The interview is based on two reports recently published by the IEA, last November’s World Energy Outlook and this year’s “The Impact of the Financial and Economic Crisis on Global Energy Investment” written for the G8 Energy Ministers meeting in May of this year. In WEO 2008 the IEA carried out a detailed survey of over 800 oil fields (3/4 of global reserves) finding that those fields post-peak are declining at an average rate of approximately 6.7% per year.

Post peak oil decline rates by region. IEA (2008)

The report was widely seen as a watershed in the institution’s acceptance of peak oil. Since then Dr. Birol has repeatedly warned that the fall off in energy investments as a result of the recession is undermining future energy supply – “There is now a real risk of a crunch in the oil supply after next year when demand picks up because not enough is being done to build up new supplies of oil to compensate for the rapid decline in existing fields”. The May report confirms this falling investment with a ~20% drop in fossil energy investments and a 38% drop in renewables.

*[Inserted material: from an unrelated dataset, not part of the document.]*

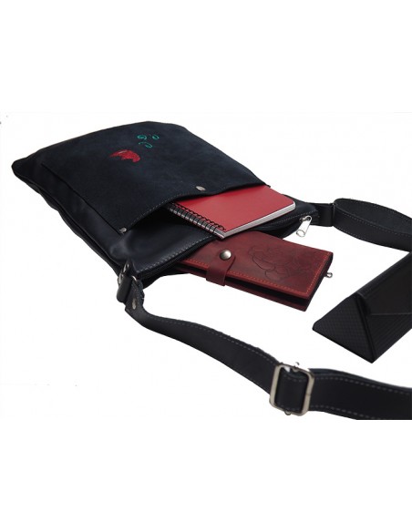 Bolso bandolera de piel en colores marrón o negro con 4 compartimentos.

Global investment in new renewables-based power generation assets. IEA (May2009)

Putting this together with projected future supply the following chart was recently published on the oil drum showing a major supply crunch in 2012.

Perhaps what is most frightening about this is the IEA’s view that the world economy can get over this and continue its exponential growth rate out to the end of the century and beyond. The forecast is for world GDP to increase at 2.7% per/year from almost 100T$ today to over 1000T$ by centuries end. Don’t they see any other limits to growth like soil fertility, fish stocks, fresh water, rare earths, stable climate, species loss to name but a few?

You can read The Independent report here and the IEA May report here .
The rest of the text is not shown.